There are two separate syntaxes: one for “real” variables and one for derived variables.
It requires a separate script which can be avoided for simple cases such as this font size example that can be computed entirely with templates.
It requires the creation of an intermediate file.
It requires “importing” the generated data into a template variable.

Existing Solution 2: Use chezmoitemplates

There are multiple ways this can be done using chezmoitemplates; I will show the one below that I feel is the cleanest.

Create two files, .chezmoitemplates/fontSizeSmall and .chezmoitemplates/fontSizeLarge, with the following contents:

# .chezmoitemplates/fontSizeSmall
{{- int (round (mulf 0.75 .fontSize) 0) -}}

# .chezmoitemplates/fontSizeLarge
{{- int (round (mulf 1.50 .fontSize) 0) -}}

Now these can be used to get the small and large font sizes, for example:

font:
  small:   {{ template "fontSizeSmall" . }}
  regular: {{ .fontSize }}
  large:   {{ template "fontSizeLarge" . }}

This has drawbacks:

There are two separate syntaxes: one for “real” variables and one for derived variables.
This is not scalable and requires one file per variable.

The final drawback can be overcome using a hybrid of Existing Solutions 1 and 2 where a chezmoitemplate is used to generate a large amount of data in a parseable format (e.g. JSON) and then loaded into a template variable {{- $fontSize := template "fontSize" . | mustFromJson -}}, but now this solution includes several drawbacks from Existing Solution 1.

Discussion

The proposed solution is clearly the most ergonomic since it allows for the dynamic creation of variables using the existing and powerful template system and enables a unified syntax for all variables. The only change required is to allow the .tmpl suffix to be placed on chezmoidata files to opt-in to using the template system for dynamic variable generation. Since the suffix is opt-in, this should not break existing configurations. I do not believe there is a technical limitation in implementing this based on my understanding of how Chezmoi loads chezmoidata as there is a well defined loading order.

Thank you for this proposal. This proposal has a circular dependency.

Consider the two following files:

# ~/.local/share/chezmoi/.chezmoidata/a.yaml.tmpl
a: {{ .b }}

# ~/.local/share/chezmoi/.chezmoidata/b.yaml.tmpl
b: {{ .a }}

What should the resulting template data be?

More generally, .chezmoidata.$FORMAT contains data that is available to templates. Therefore, .chezmoidata.$FORMAT must be read before any templates are executed.

When .chezmoidata.$FORMAT.tmpl is executed it needs all template data to execute, and the result of executing the template is itself template data, needed for template execution.

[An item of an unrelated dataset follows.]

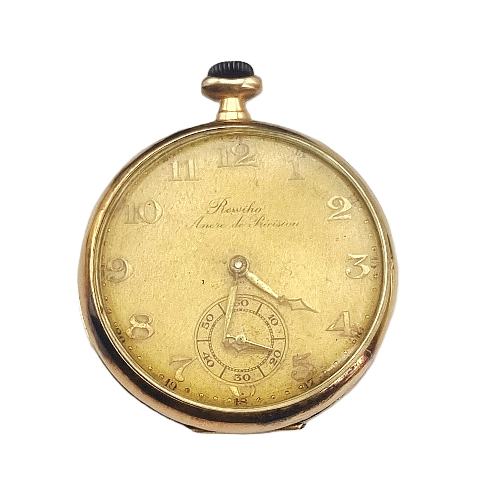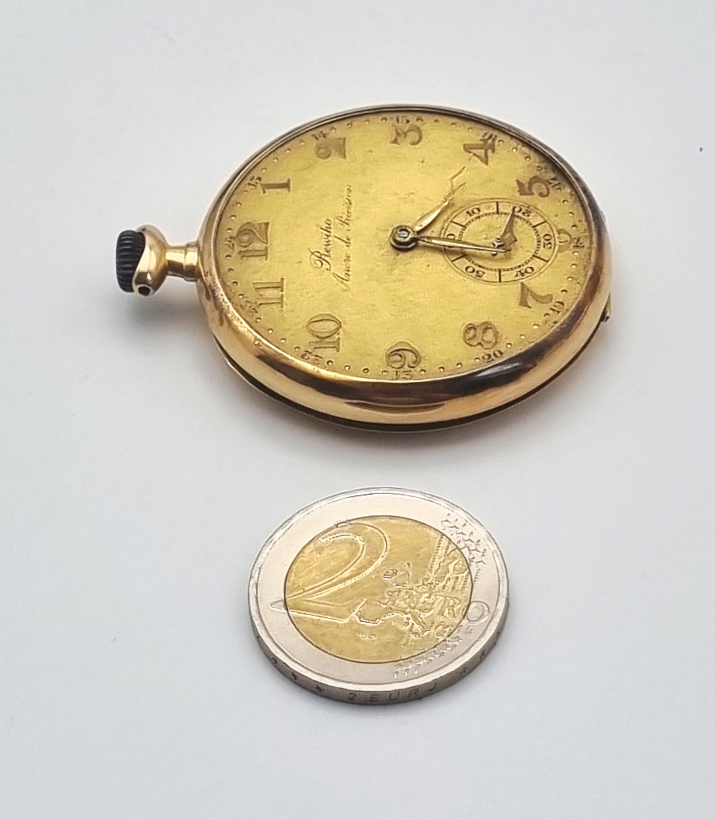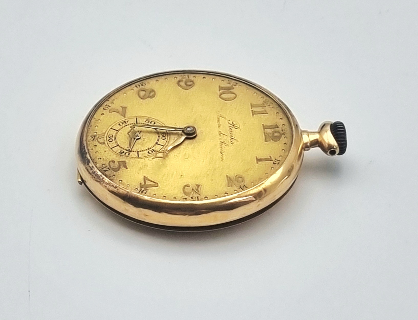 14 karaat gouden zakhorloge, midden 20e eeuw, met ronde kast, gladde buitenzijde en gehamerd patroon aan de binnenzijde, voorzien van serienummer en gemerkt 14 karaat. De goudkleurige wijzerplaat draagt Arabische cijfers, een kleine secondewijzer op zes uur en de signatuur “Rewiho Ancre de Précision”. Mechanisch uurwerk met handopwinding en zwarte opwindknop. Geïnteresseerd? Bezoek onze kijkdagen voor een persoonlijke bezichtiging! |

Stepping back and looking at the fundamental problem that you want to solve, i.e. having font size vary from machine to machine, I would instead set data.fontSize = 12 in my configuration file and copy-and-paste {{ int (round (mulf 0.75 .fontSize) 0) }} into my templates that need the small font size.

If I had a lot of templates that all needed the small font size, then I would also set data.smallFontScale = 0.75 in my config file and copy-and-paste {{ int (round (mulf .smallFontScale .fontSize) 0) }} into my templates.

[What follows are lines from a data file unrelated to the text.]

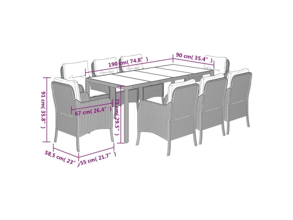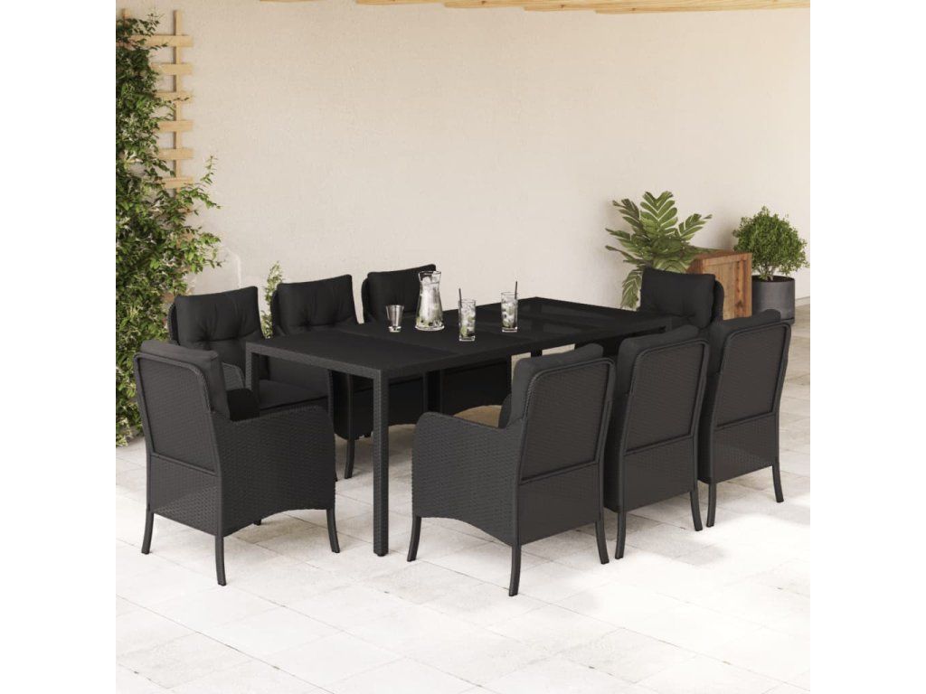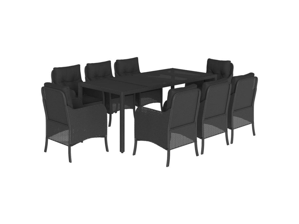 9dílný zahradní jídelní set s poduškami černý polyratan 3211853
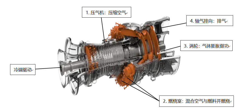燃气轮机的工作原理基于布雷顿循环。,这是一种热力学循环,涉及四个主要过程:压缩加热、膨胀和冷却,燃气轮机典型结构和运行逻辑如下图所示(详细解释见完整报告)。
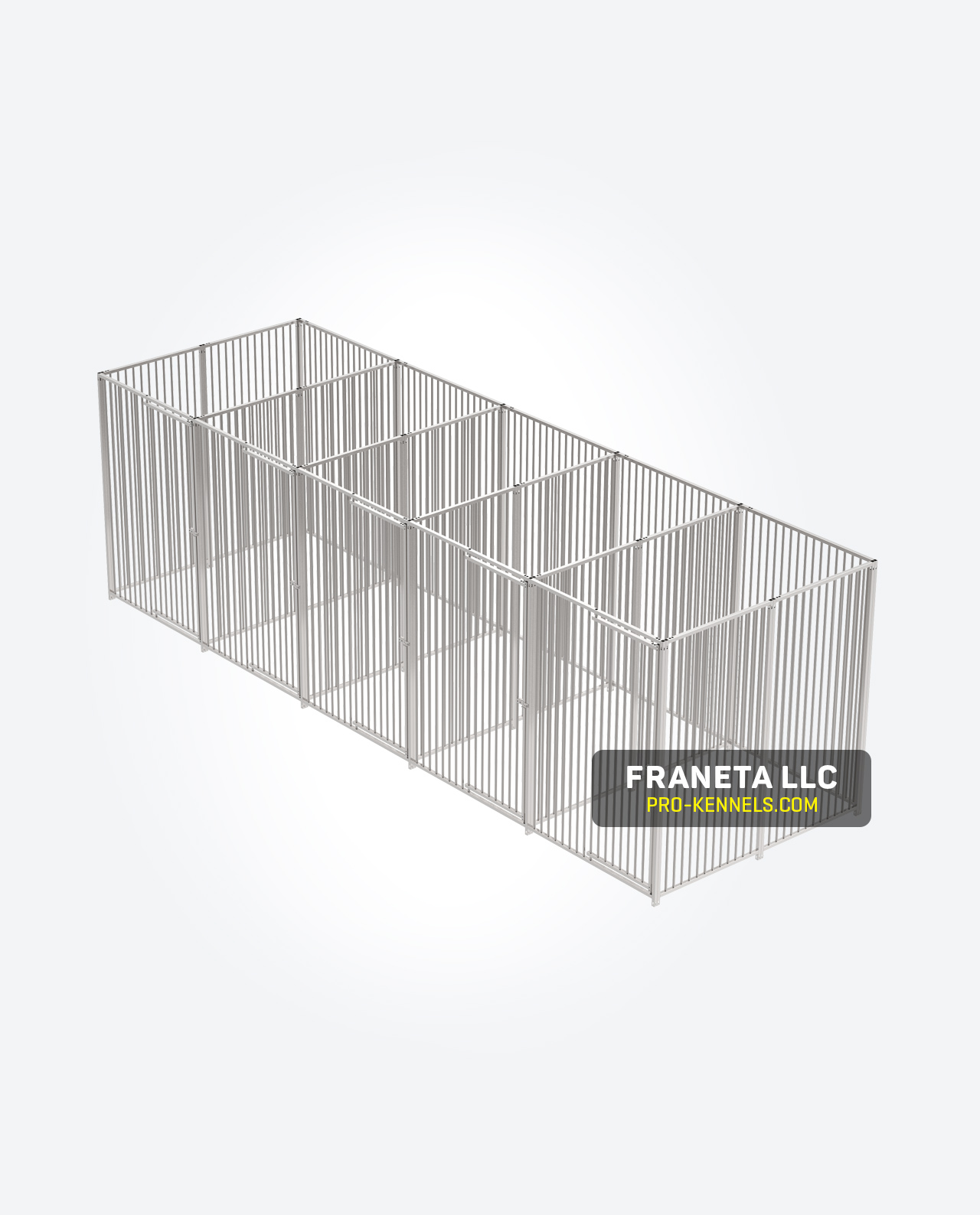Complete Multiple (5-Run) 5′W x 8′L x 6′H free standing Hot-Dip Galvanized Vertical Bars/European Style Dog Kennel with stainless steel door handle and stainless steel hardware.

In extreme cases, I would use a config file template containing:

{{ $fontSize := promptIntOnce . "fontSize" "font size" 12 }}
[data]
    fontSize = {{ $fontSize }}
    fontSizeSmall = {{ int (round (mulf 0.75 $fontSize) 0) }}
    fontSizeLarge = {{ int (round (mulf 1.5 $fontSize) 0) }}

and then use .fontSize, .fontSizeSmall, and .fontSizeLarge in my templates.

Consider the two following files:
# ~/.local/share/chezmoi/.chezmoidata/a.yaml.tmpl
a: {{ .b }}
# ~/.local/share/chezmoi/.chezmoidata/b.yaml.tmpl
b: {{ .a }}
What should the resulting template data be?

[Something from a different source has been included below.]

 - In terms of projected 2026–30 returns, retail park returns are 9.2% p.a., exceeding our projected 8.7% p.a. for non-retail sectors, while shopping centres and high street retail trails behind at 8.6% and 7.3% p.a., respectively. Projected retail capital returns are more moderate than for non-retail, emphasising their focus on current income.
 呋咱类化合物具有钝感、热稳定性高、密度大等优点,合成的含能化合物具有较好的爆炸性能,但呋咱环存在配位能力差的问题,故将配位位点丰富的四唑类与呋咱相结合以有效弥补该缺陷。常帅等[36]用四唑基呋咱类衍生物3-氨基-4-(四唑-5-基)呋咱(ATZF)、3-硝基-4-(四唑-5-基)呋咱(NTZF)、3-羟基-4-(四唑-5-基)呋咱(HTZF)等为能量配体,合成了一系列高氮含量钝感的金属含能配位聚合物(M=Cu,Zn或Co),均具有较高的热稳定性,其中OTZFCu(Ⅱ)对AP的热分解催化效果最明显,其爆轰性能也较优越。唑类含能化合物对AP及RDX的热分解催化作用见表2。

Maybe this is my lack of understanding the chezmoidata loading process, but I assumed it would be similar to how scripts are run in lexicographical order. So in this particular example, a.yaml.tmpl would be processed first and then b.yaml.tmpl. This would given an error when processing a.yaml.tmpl since the key .b is not yet defined. It is obvious that there is a circular dependency problem if all of these chezmoidata templates are processed simultaneously or in an arbitrary order, but if they are processed lexicographically like scripts, then there is a well-defined and non-circular order that is straightforward to reason about.

I appreciate the suggestions and they would be useful for someone having this problem with less data. The font size example was something simple I came up with to illustrate the problem. I actually have a lot more data that I generate and most of it is too complicated for the template system itself. For example, I generate color themes on the fly in several different formats that different applications expect and this results in a lot of data. Most of the things I want to put in templates in chezmoidata would look like this:

{{- output "python3" "script-that-generates-data-in-json-format.py" -}}

where the file in chezmoidata would simply contain the output from the script that does work that is too complex for templates to do directly. Since I figured that there wouldn't be a problem adding templates to chezmoidata (based on the reasoning earlier in this comment), I thought that this might be a useful feature.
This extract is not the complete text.